Of course, it is impossible to compare the security of these systems experimentally, since this would involve simulating unknown attacks. But we have shown above that the GACD approach gives a better theoretical guarantee of security than that of [5, 6, 33], which defines security based on a game, rather than on the conjectured hardness of a known computational problem.

5 Conclusion

Our work has produced an OPE scheme based on the general approximate common divisor problem (GACDP). This appears to be the first OPE scheme to be based on a computational hardness primitive, rather than a security game. We have described and discussed the scheme, and proved its security properties, in Sect. 2. In Sect. 4 we have reported on experiments to evaluate its practical efficacy, and compare this with the scheme of [6]. Our results show that our scheme is very efficient, since there are O(1) arithmetic operations for encryption and decryption. As a trade-off against the time complexity of our algorithms, our scheme produces larger ciphertexts, \(\sim \) 3.67 times the number of bits of the plaintext. However, as pointed out in Sect. 4, ciphertext sizes had minimal impact on the running time of the MR job used in our experiments.

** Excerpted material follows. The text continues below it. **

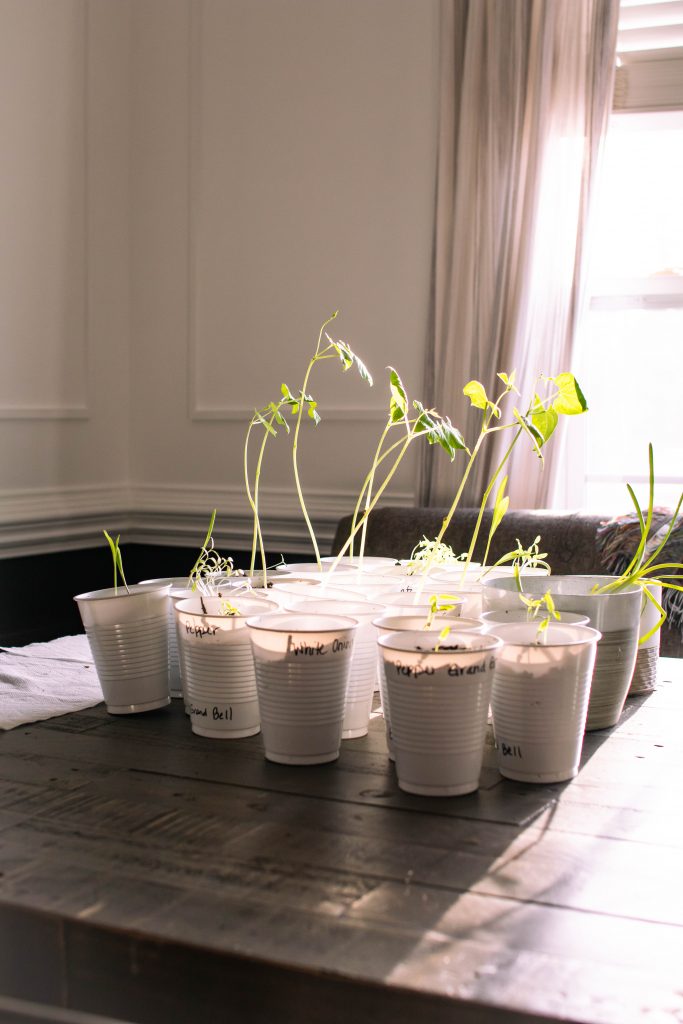 Over time, as the seeds germinate, some will burst growth and need a larger space for roots. I use solo cups as a transition from small space to garden. I drill three holes in the bottom of each cup for drainage and use nutrient rich soil for replanting. Some seeds sprout later than others. My green beans this year have burst out ahead of everything and are basically little mini bean stalks already.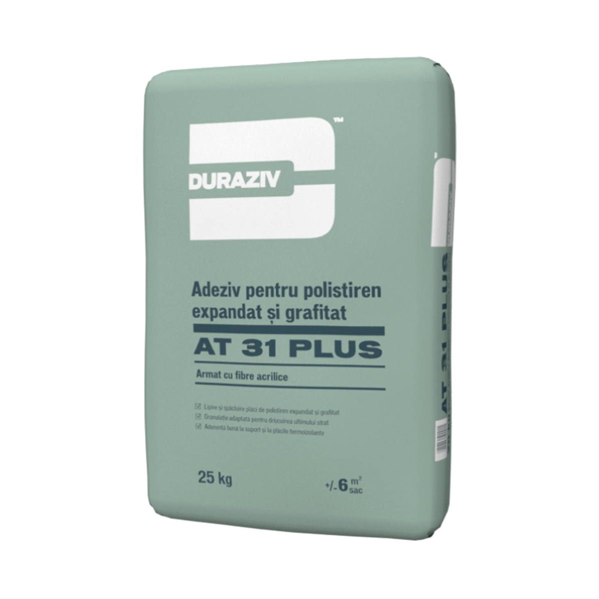 DURAZIV AT 31 PLUS este un adeziv și masă de șpaclu recomandat pentru lipirea şi şpăcluirea plăcilor termoizolante, în cadrul sistemului compozit exterior de termoizolaţie (ETICS) cu plăci de polistiren expandat EPS, alb şi grafitat, cu fixare mixtă adeziv+dibluri.

With regard to our stated purpose, our experimental results show that the efficiency of our scheme makes it suitable for practical computations in the cloud.

We have noted that, like any “true” OPE, our scheme cannot guarantee indistinguishability under CPA [6], unlike the non-OPE protocols of Popa and others [21, 29]. However, with proper choice of parameters, we believe that its security is strong enough for the purpose for which it is intended: outsourcing of computation to the cloud.